Conclusions and relevance Diagnostic criteria have become more sensitive and less specific over time, without substantial change in the accuracy. Based on current data, about 20% of DLB diagnosis are incorrect. Future studies are needed to evaluate if the recently released revised consensus criteria will improve the diagnostic accuracy of DLB.
- lewy body dementia
- clinical neurology
- systematic reviews
Statistics from Altmetric.com
The diagnosis of dementia with Lewy bodies (DLB) may be challenging, especially early in the course, as the clinical presentation is extremely variable among individual patients. Early diagnosis is important for therapeutic choice, as patients have in general good responsiveness to cholinesterase inhibitors, but increased risk of sensitivity to certain medications such as neuroleptics and anticholinergics, which can lead to increased morbidity and mortality in these patients.1
The identification of DLB as a distinct disease is relatively recent.2 Until 1996, the scientific community missed a consensus on terminology and diagnosis, for example, referring to ‘dementia associated with cortical Lewy bodies’ or ‘senile dementia of Lewy body type’ and using different sets of diagnostic criteria (as Nottingham Criteria3 and Newcastle Criteria4).
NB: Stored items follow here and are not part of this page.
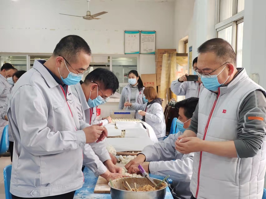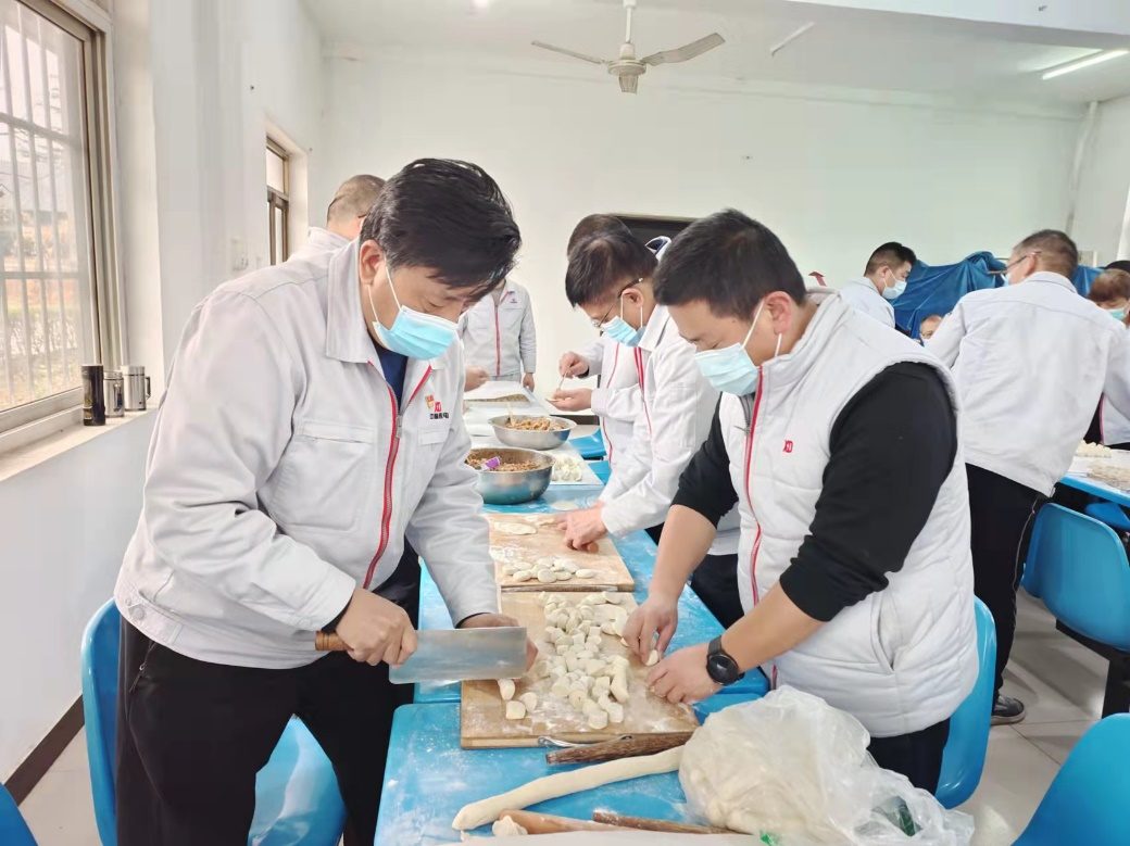 公司驻厂领导、一些干部职工紧张忙碌起来,有的擀有的包,场面温馨感人,元宝形、月牙形,不同形状的饺子整齐地排列在一起足有一万多只,不仅分担了后勤保障人员的工作压力,还用实际行动彰显着严肃活泼的工作作风和凝聚奋进的精神品质。好吃不过饺子,温暖不过集体。在这个特殊时期能吃到手工水饺令人难忘,虽然暂时不能和家人、亲友团聚,但大家相互关心、相互鼓励让每位员工感受到了大家庭的温暖,心底涌起一股股暖流。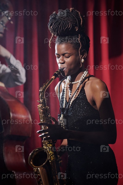 Молодая женщина-музыкант играет на саксофоне на сцене во время джазового представления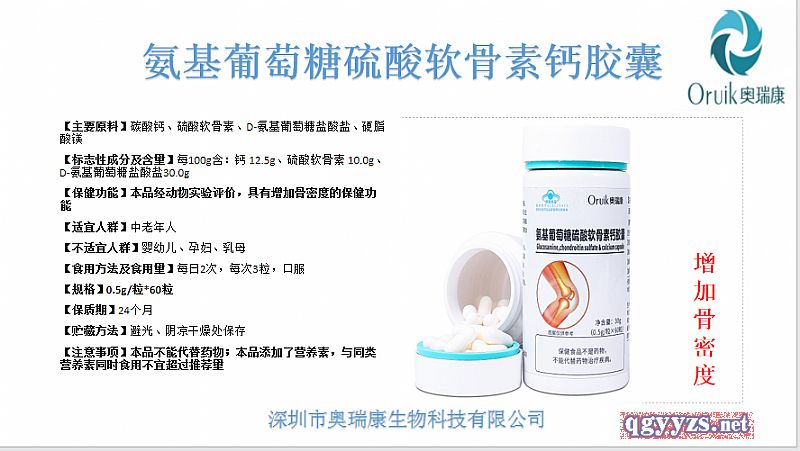 | 補(bǔ)充說明 | 【主要原料】碳酸鈣、硫酸軟骨素、D-氨基葡萄糖鹽酸鹽、硬脂酸鎂 【標(biāo)志性成分及含量】每100g含:鈣 15.6g、硫酸軟骨素 12.2g 【保健功能】本品經(jīng)動(dòng)物實(shí)驗(yàn)評(píng)價(jià),具有增加骨密度的保健功能 【適宜人群】中老年人 【不適宜人群】無 【食用方法及食用量】每日2次,每次3粒,口服 【規(guī)格】0.5g/粒 【保質(zhì)期】24個(gè)月 【貯藏方法】避光、陰涼干燥處保存 |
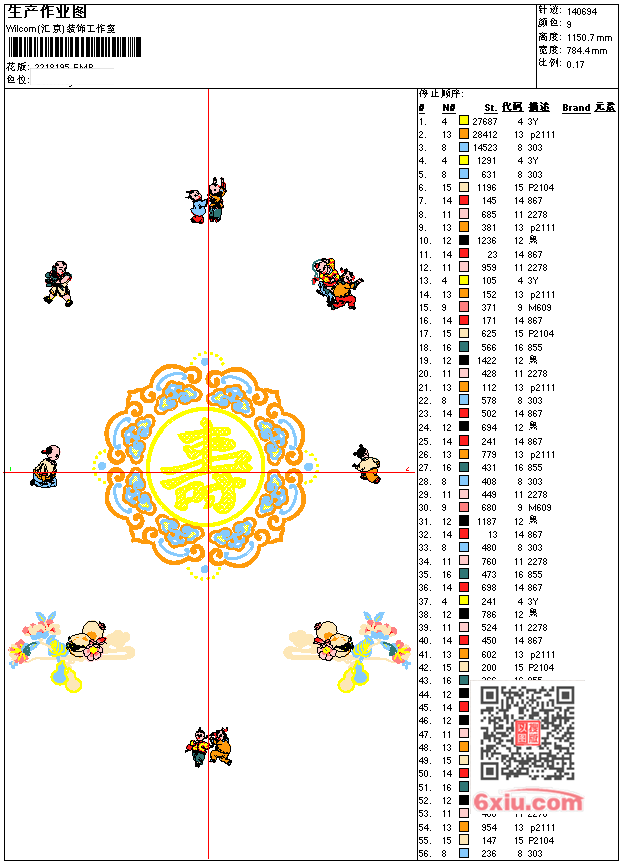 寿被 点此上传花版兑乐绣币/现金 EMB花版参数: 大小:920.00 KB / 尺寸:784*1151[毫米] / 针数:140694针 / 线色:9 / 格式:EMB / 版本:e4.2 版带文件需绣花软件方可打开,可配色打印导出各种格式或直接上机绣。如无绣花软件可下载1:1模拟效果图。 PNG图片信息:大小:3.8(MB) /图宽*高:2967x4353(像素) 上传作者( 艺朵*** ) 获得乐绣币:140个 EMB下载 1:1图下载 关闭 相似花型推荐: 荷花 靓花 兔 靓花 熊 铜钱 汉服 兔子 蟠桃 鲤鱼 龙 吉祥 鹤 马褂 马甲 石榴 兔子 靓花 小花 兔子 荷花 花瓶 塔 尾巴 上一个花样:工艺图-女孩 下一个花样:荷花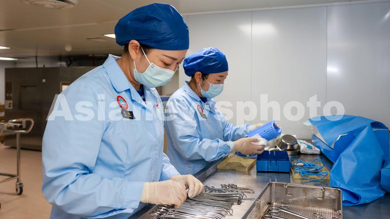图片说明:“和平方舟”号医院船在访问东帝汶并开展医疗服务期间,受到东帝汶人民的热烈欢迎。图为9月6日晚医护人员正在为手术器械进行消毒-陈云飞 摄

In 1996, during the First International Workshop of the Consortium on DLB,5 it was proposed the terminology of dementia with Lewy bodies (DLB), with new clinical and pathological diagnostic criteria. Such criteria were first revised in 20051 and a second time in June this year.6
Our aim was to perform an up-to-date systematic review of the studies on diagnostic accuracy in DLB and to evaluate the sensitivity, specificity and accuracy of the diagnostic criteria: we analysed the validity of the different criteria, hypothesising an improvement over time.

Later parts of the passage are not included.